We aren’t arrested, but we are apprehended and ordered to leave. We are prohibited from re-entering a defined area which is the mining lease plus 10 or so kilometres each way for 14 days. We are then put in police vehicles and transported back past the two security gates to where our cars are.

Back at the Tullah camp, there’s another meeting. I don’t go. The person a writer has to meet after an accumulation of experiences like this day’s is him or herself. The hard thinking has begun. Will I go down the Tarkine again? Maybe, maybe not. But participating in the action has impressed upon me the urgency of these matters. I’m reminded yet again of the 2016 report from the World Wildlife Fund for Nature that wildlife populations around the globe have plummeted nearly 70 per cent since 1970. On our watch, as it were.
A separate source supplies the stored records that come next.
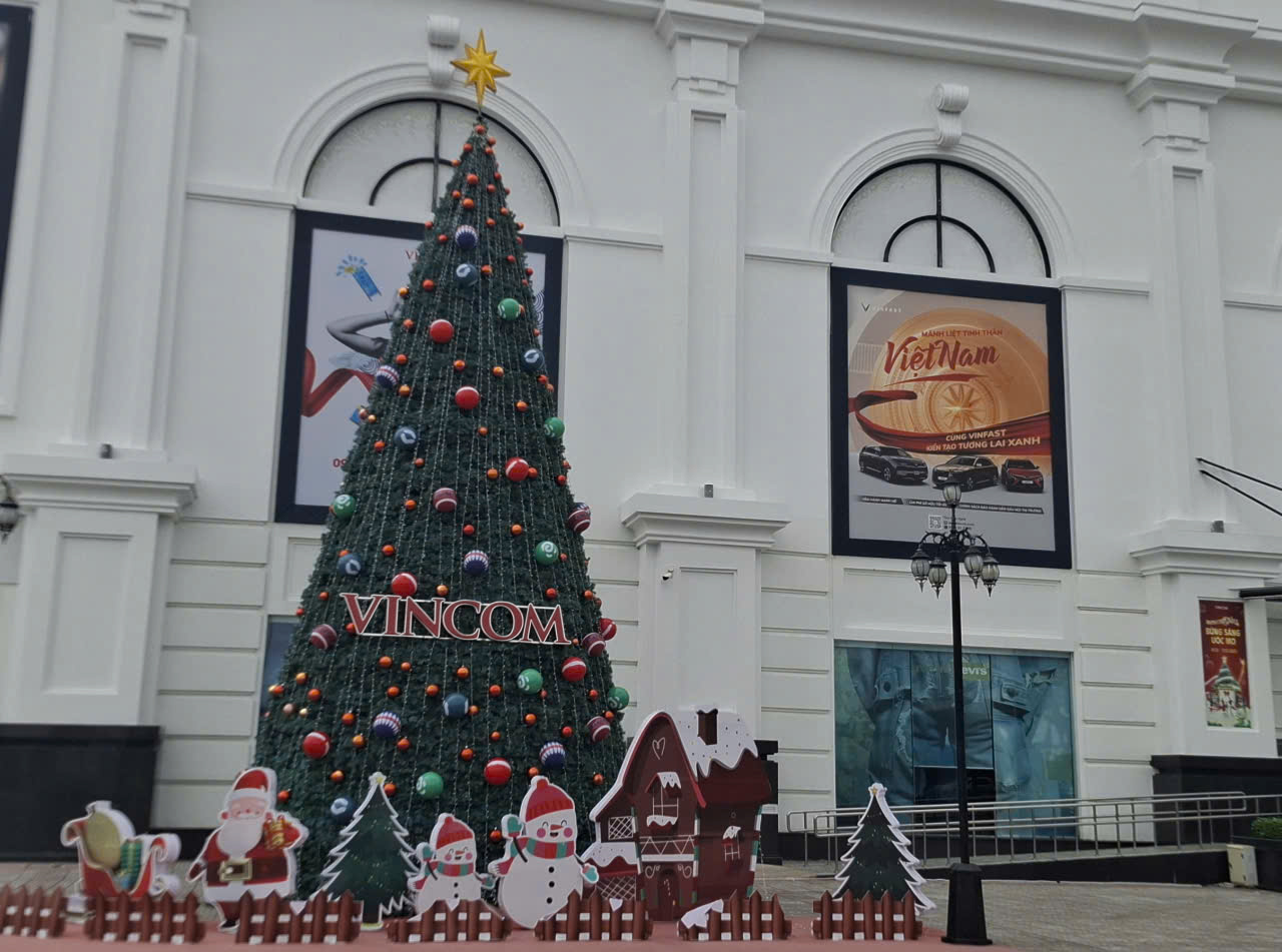 Cây thông trước trung tâm thương mại Vincom tại phường An Xuyên, tỉnh Cà Mau. Ảnh: TẤN THÁI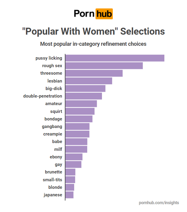 As the number of women enjoying adult content increases – according to Pornhub’s 2017 Year in Review, “Porn for Women” was a top trending search throughout the year, increasing by over 1,400 percent. On December 8th, Pornhub launched a new “Popular With Women” category which automatically aggregates content catered to the growing demographics’ specific interests, taking into account women’s views and preferences.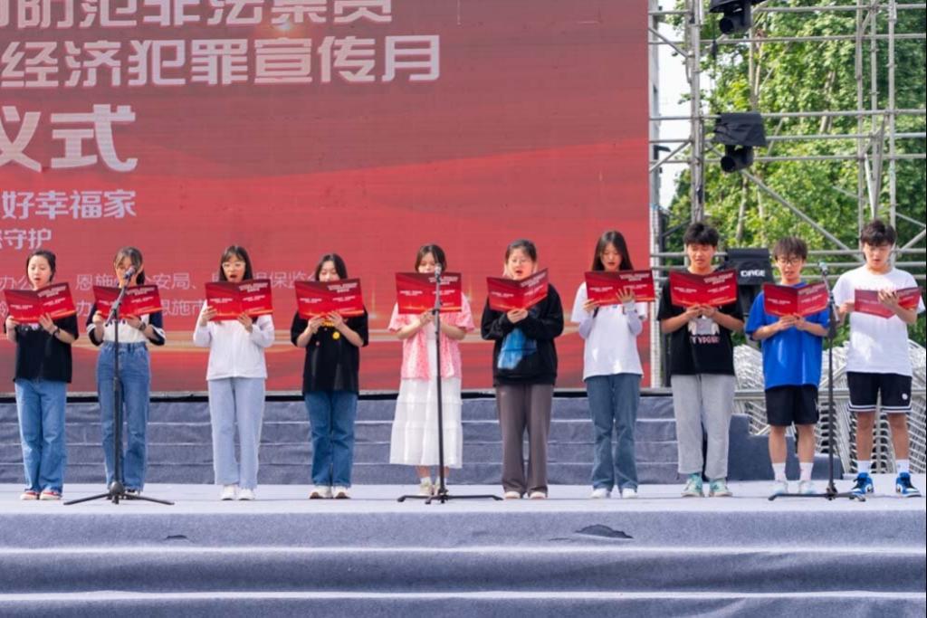 恩施州公安局经侦干警代表宣誓;银行机构代表作“优化金融服务,保障消费者权益”的倡议;365电子娱乐官方网站学生代表作“自觉抵制校园贷”的倡议。

In his football prime, Gordie Cuff was described by a sports journalist as a “ball of busy-ness”. He is that in all things. He is now “about getting people down the Tarkine” and, to this end, has organised Shane Howard to come next month, COVID providing. Shane wrote “Let the Franklin Flow”, the song that helped save the Franklin River, Tasmania’s great conservation battle of the early 1980s. Gordie’s also got Hazy coming.

Hazy is a Uni footy club legend. He coached the Fourths in which I played. He was an academic but, more to the point, he was the first intellectual I met who brought everything into one – art, footy, politics, the environment, cricket, books, music …

When Hazy (real name Pete Hay) left Tasmania in 1974 to take a position with the Whitlam Government in Canberra, it was my great honour to be made captain-coach of the Fourths. Later Hazy published my first book, a collection of poems. Still later he managed an itinerant cricket team called the Thylacinians, which toured Tasmania for 30 years, playing invitation matches. Hazy’s coming to the Tarkine with some of his cricketers. I am reliably advised he will be bringing a bat and ball. The solemn space that is the logging coup with the great gum stands alone would be considerably cheered up by a cricket match. Given the tricky nature of the wicket, the old master can be relied upon to bat first if he wins the toss.